What you will do ▸ Your answer must be the exact lines of the listing below that run from the line with "새미네부엌 나도했다 물김치를" to the line with "autumn leaves scattered", ends included, and no pictures.

Extracted records ▸
□ □ □ □ □

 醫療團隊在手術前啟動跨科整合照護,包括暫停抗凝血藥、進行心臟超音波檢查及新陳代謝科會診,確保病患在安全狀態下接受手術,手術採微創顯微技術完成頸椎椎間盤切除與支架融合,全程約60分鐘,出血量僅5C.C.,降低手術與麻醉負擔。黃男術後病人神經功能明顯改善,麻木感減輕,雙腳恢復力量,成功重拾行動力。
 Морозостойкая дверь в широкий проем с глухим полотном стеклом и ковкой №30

□ □ □ □ □

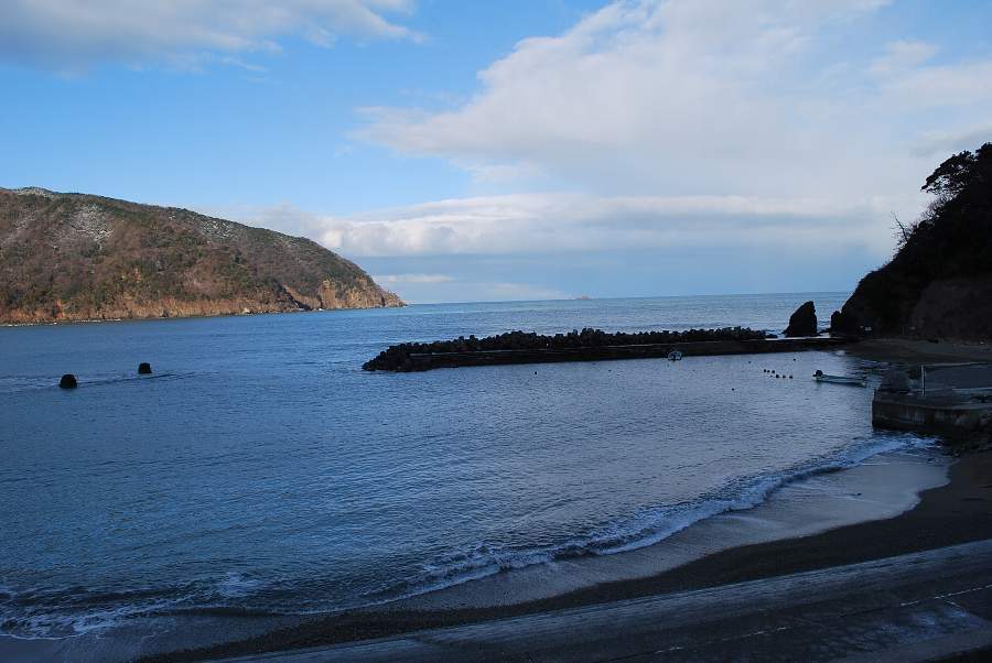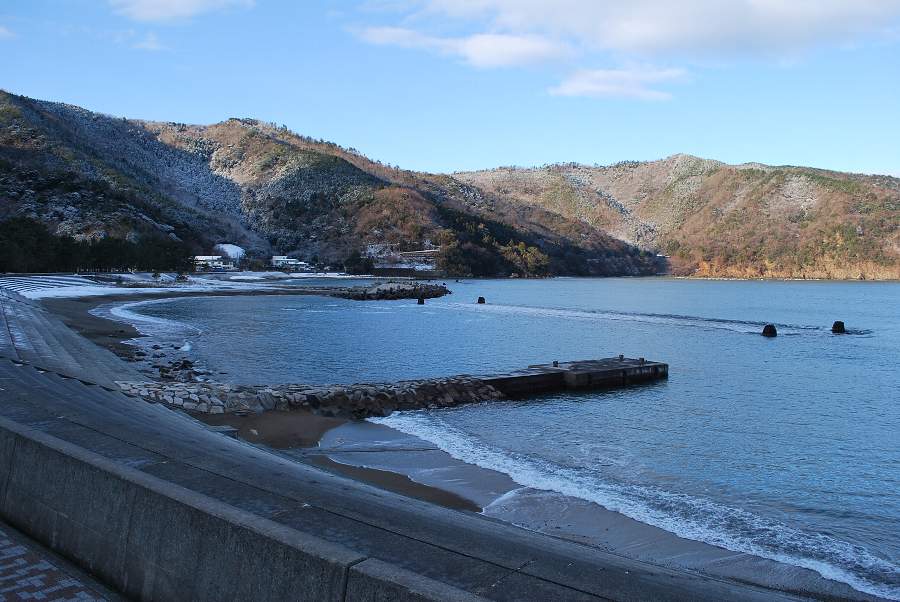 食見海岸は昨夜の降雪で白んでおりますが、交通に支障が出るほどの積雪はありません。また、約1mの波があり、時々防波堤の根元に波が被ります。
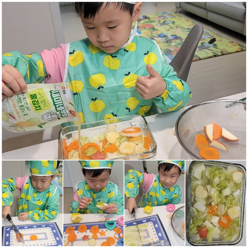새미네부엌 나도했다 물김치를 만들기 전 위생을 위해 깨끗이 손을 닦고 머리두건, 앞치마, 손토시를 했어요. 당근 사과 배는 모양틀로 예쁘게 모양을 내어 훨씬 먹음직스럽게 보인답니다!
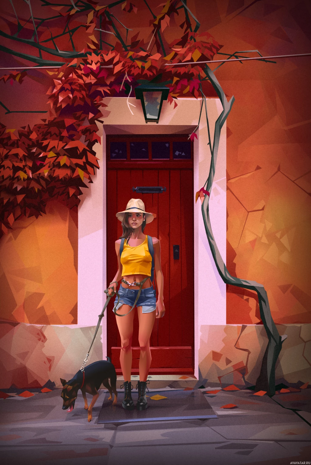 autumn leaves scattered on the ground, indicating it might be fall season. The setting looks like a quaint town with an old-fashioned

□ □ □ □ □

Written answer ▸
새미네부엌 나도했다 물김치를 만들기 전 위생을 위해 깨끗이 손을 닦고 머리두건, 앞치마, 손토시를 했어요. 당근 사과 배는 모양틀로 예쁘게 모양을 내어 훨씬 먹음직스럽게 보인답니다!
 autumn leaves scattered on the ground, indicating it might be fall season. The setting looks like a quaint town with an old-fashioned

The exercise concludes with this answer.